Court Opinion

ID: 5114396
Source: CourtListenerOpinion
Date Created: 2021-10-02 18:38:47.90158+00
Date Added: 2024-06-11T08:21:46.269877
License: Public Domain

SCOTT, J.,
Dissenting.
I strongly dissent from the majority’s opinion which, applying Pennsylvania law, does not allow Karen Hodgkiss-Warrick to recover from her underinsured motorist (UIM) policy.
Karen had resided with her adult daughter, Heather, for less than a year when she suffered debilitating injuries due to Heather’s negligence which caused an accident in Kentucky in Heather’s leased car. Karen’s recovery from Heather’s insurance company was $60,000 shy of the amount necessary for Karen’s extensive medical bills. To close this deficit, Karen filed claims "against her own insurance carrier, State Farm, on two UIM policies — one on her own vehicle and another on her estranged husband’s. However, because Karen’s UIM policy excluded vehicles owned by or leased to a resident relative, State Farm denied the claim on her policy. Furthermore, because Karen and her husband were separated at the time of the accident and not residing together, State Farm denied Karen’s claim under her husband’s UIM policy.
In short, Karen could not recover under her policy because of whom she was living with and could not recover under her husband’s policy because of whom she was not living with. Had Heather moved in across the street or next door to Karen, or had the two not shared their duplex as a single *888dwelling,9 Karen would have been compensated; had Karen still been living with her husband, she, would have been compensated; had Karen been riding in the vehicle belonging to either of the other two passengers, she would have been compensated. However, since Karen lived (for the time) with her adult daughter (over whose insurance policy limits she had no control), the majority holds today that she may not recover.

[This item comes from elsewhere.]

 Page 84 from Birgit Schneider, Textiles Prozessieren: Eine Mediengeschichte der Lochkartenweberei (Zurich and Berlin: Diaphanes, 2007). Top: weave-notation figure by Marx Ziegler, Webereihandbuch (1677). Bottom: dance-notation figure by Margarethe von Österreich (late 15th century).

It seems to me the insurance contract makes an arbitrary distinction based solely on Karen and Heather’s familial relationship and the fact that they lived in the same household at the time of the accident. It is certainly not based on the fact that Karen had the opportunity to ensure that her twenty-three-year-old daughter had higher limits on her liability policy. She clearly had no such control.

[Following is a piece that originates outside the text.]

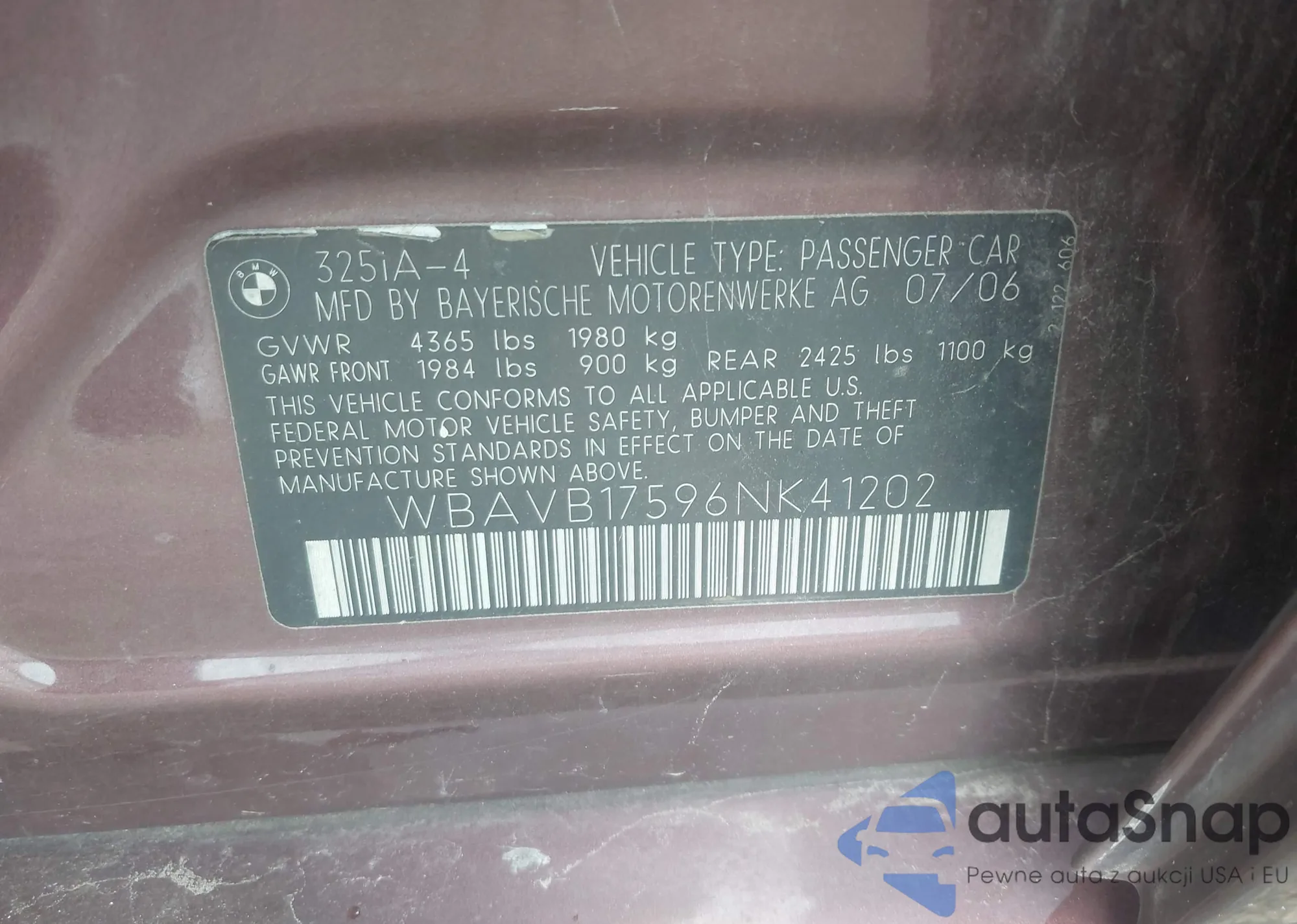 2006 BMW 325I z USA, uszkodzony, nr VIN WBAVB17596NK41202

The exemption in Karen’s policy excludes UIM coverage when the underin-sured vehicle is “owned by, rented to, or furnished or available for the regular use of you or any resident relative.” The “regular use” part of the exemption has no bearing on this case. Karen did not regularly use her daughter’s car, nor was it available for her regular use. She had her own car. In fact, the day of the accident marked only the second time Karen had ever ridden in Heather’s car. Yet, she was denied coverage because she was living with her daughter at the time of the accident, making her a “resident relative.” If Karen and Heather had not been related, but had been living together, the terms of Karen’s UIM policy would have allowed recovery.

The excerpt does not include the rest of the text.